Task details: Reproduce only what runs from the line containing "Dinginlik Silueti - Siyah" to the line containing "ライバル(相性)解析 同一レースに下記馬が出走した場合の成績とその馬に先着する先着率 |" in the records below, inclusive. Keep it exact, and keep the pictures out.

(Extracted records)
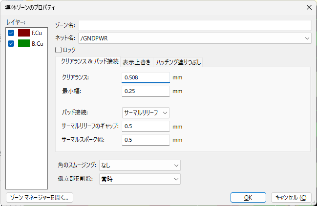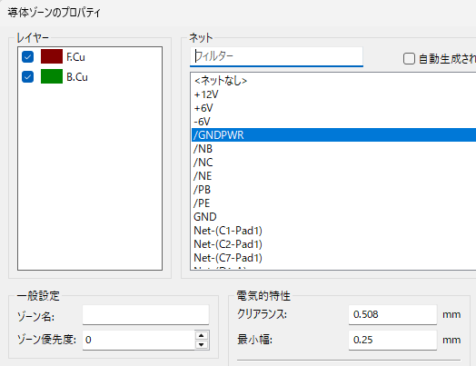 ゾーンクリアランス絡みのエラーなので、まずはKiCad 9.0.7でのゾーンのクリアランスの設定を確認したら、0.508mmになっている。
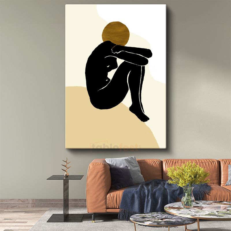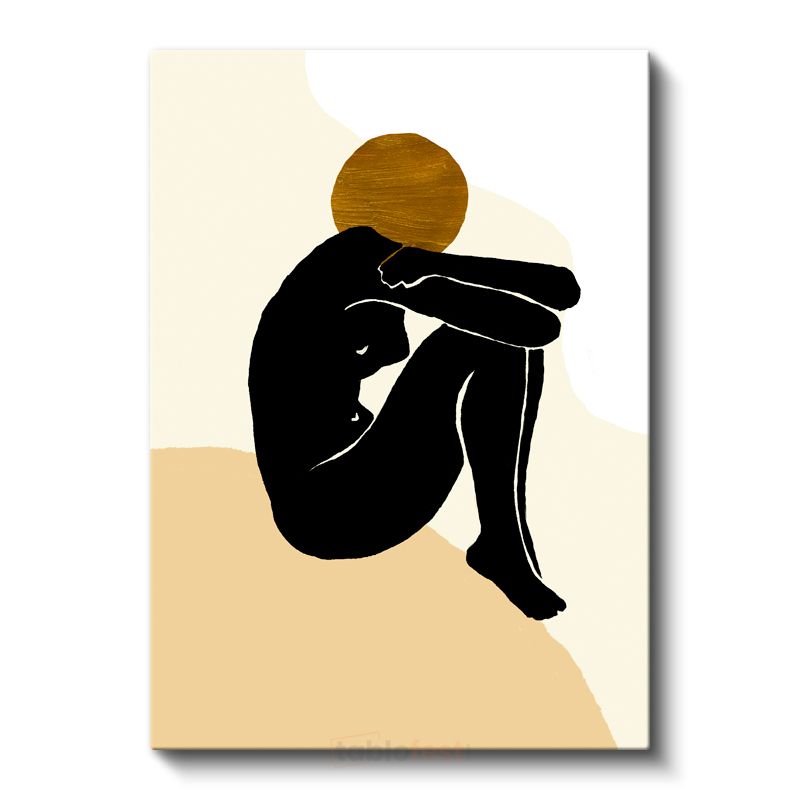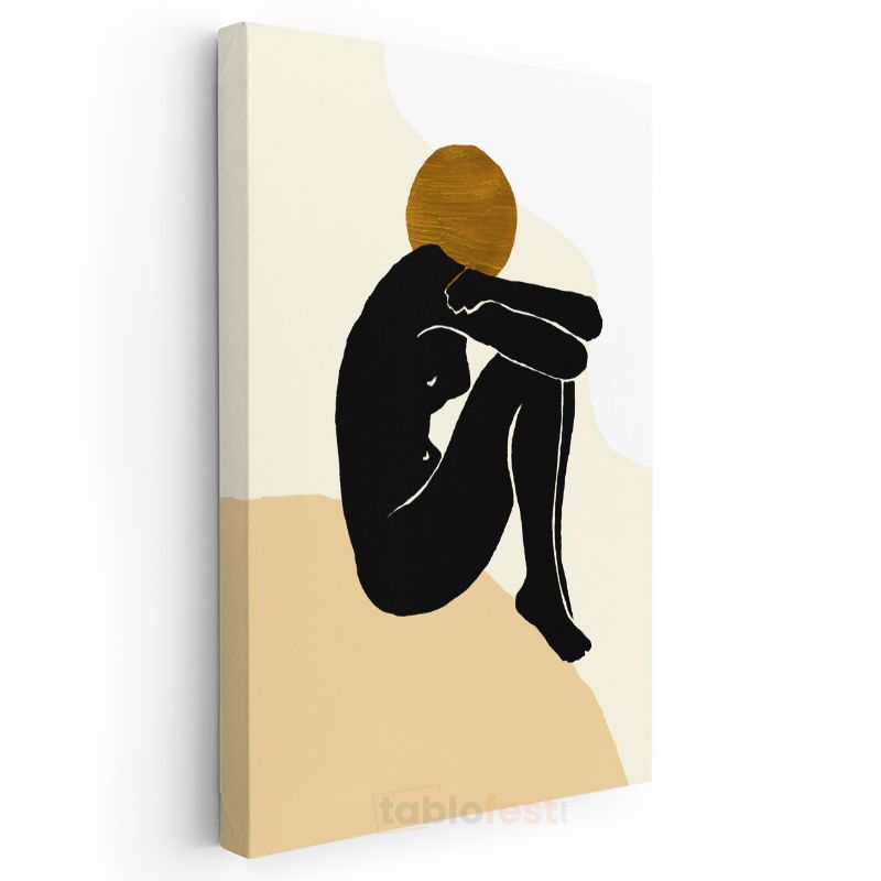 Dinginlik Silueti - Siyah Figür Altın Daire Kanvas Tablo
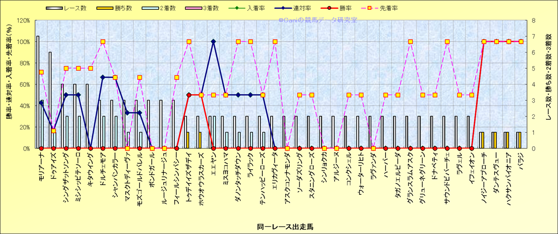 ライバル(相性)解析 同一レースに下記馬が出走した場合の成績とその馬に先着する先着率 |
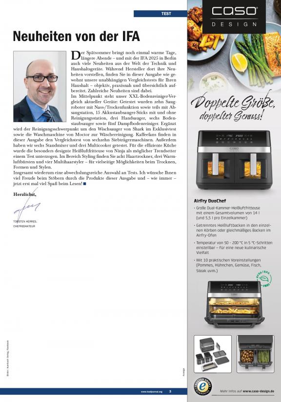 Das TESTJOURANL bereitet die wichtigsten Testberichte sowie Marktübersichten aus dem Magazin HAUS & GARTEN TEST noch einmal passend auf. Damit liefert das Testmagazin alles Wissenswerte zu aktuellen Haushaltsgeräten aus den Bereichen Wohnen, Küche, Bad und Garten sowie ebenso Nützliches rund um Genussthemen, von der Kaffeezubereitung bis hin zum Teegenuss.
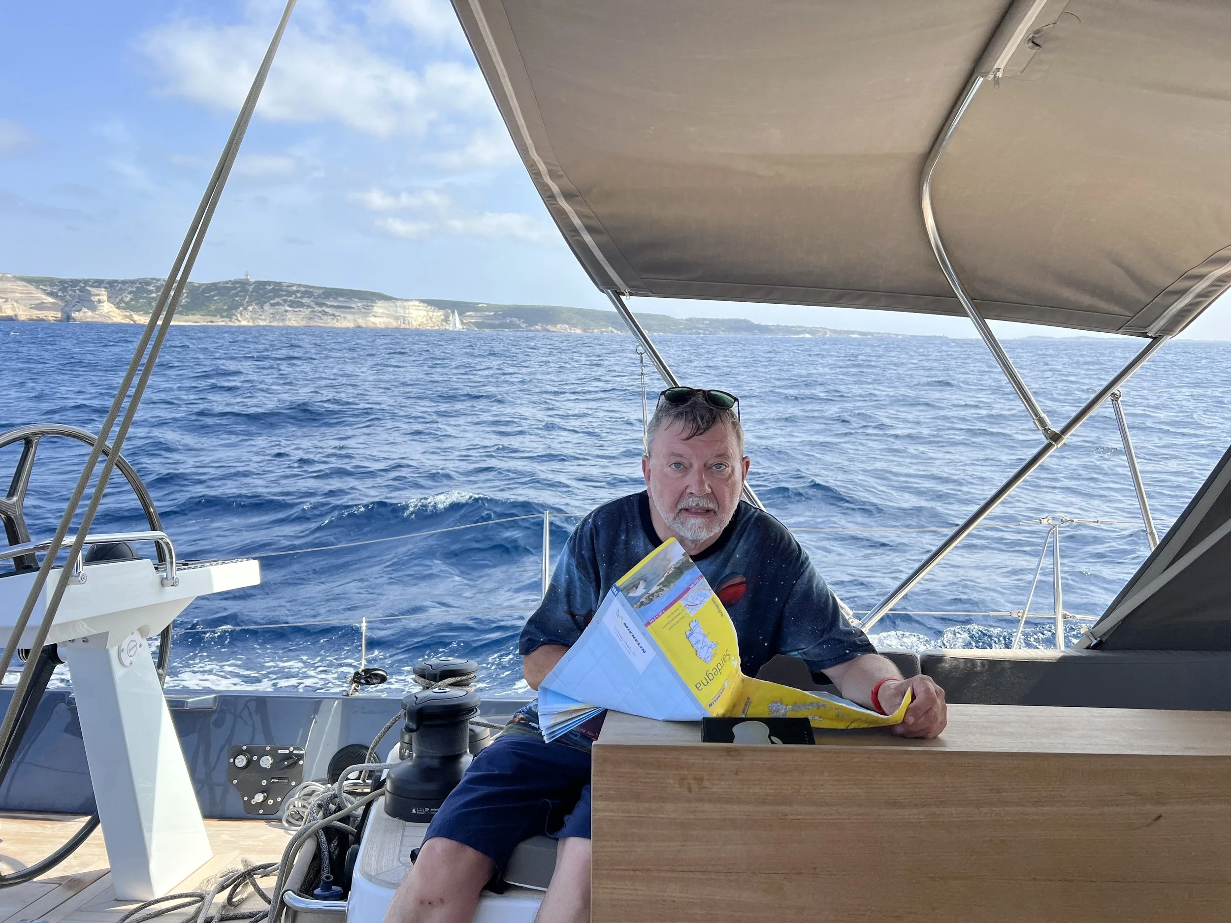 We varen maandagochtend uit, vooreerst om poolshoogte te nemen van de toestand op zee in de golf van Bonifacio, met het voornemen door te varen als de omstandigheden het toelaten, maar terug te keren bij de eerste tekenen van zeeziekte.
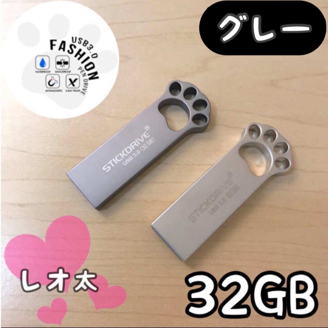 - 【火曜日終了】防水! カワイイ 肉球USBメモリ 32GB USB3.0 猫の手 グレー
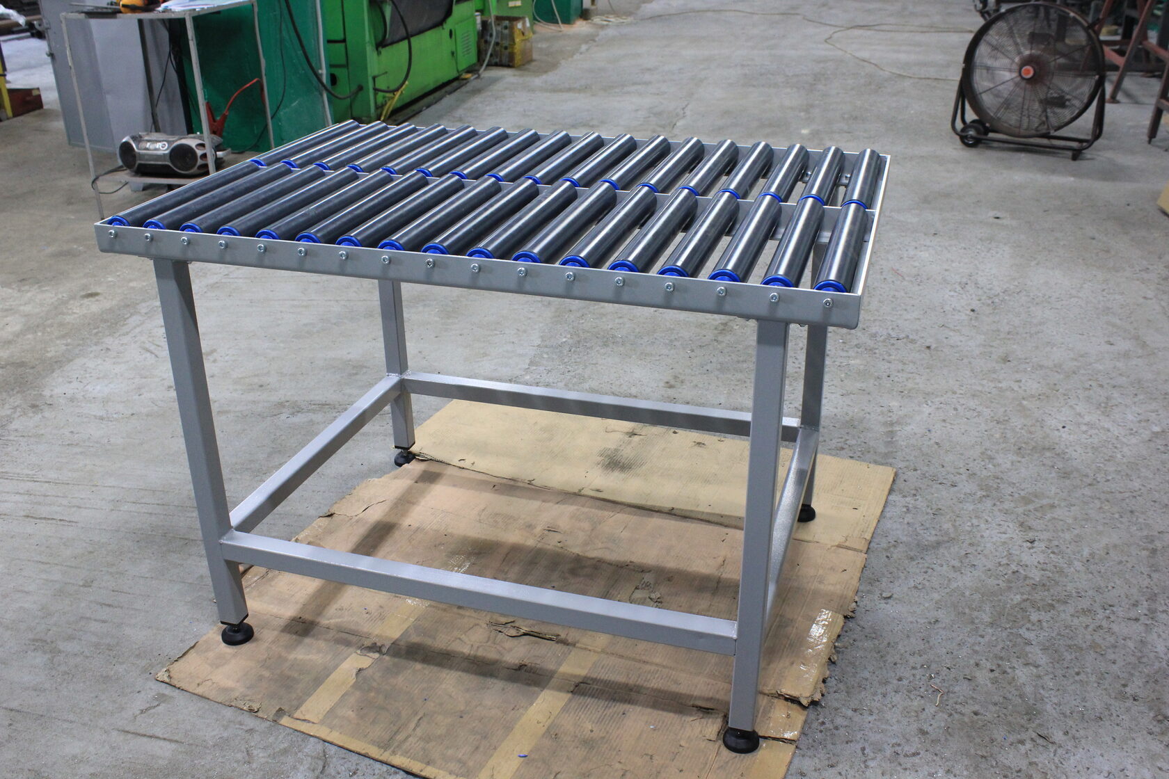 - Ряд параллельных роликов с синими торцевыми элементами — основной рабочий механизм. Ролики свободно вращаются, облегчая перемещение грузов.

Exercise answer:
 Dinginlik Silueti - Siyah Figür Altın Daire Kanvas Tablo
 ライバル(相性)解析 同一レースに下記馬が出走した場合の成績とその馬に先着する先着率 |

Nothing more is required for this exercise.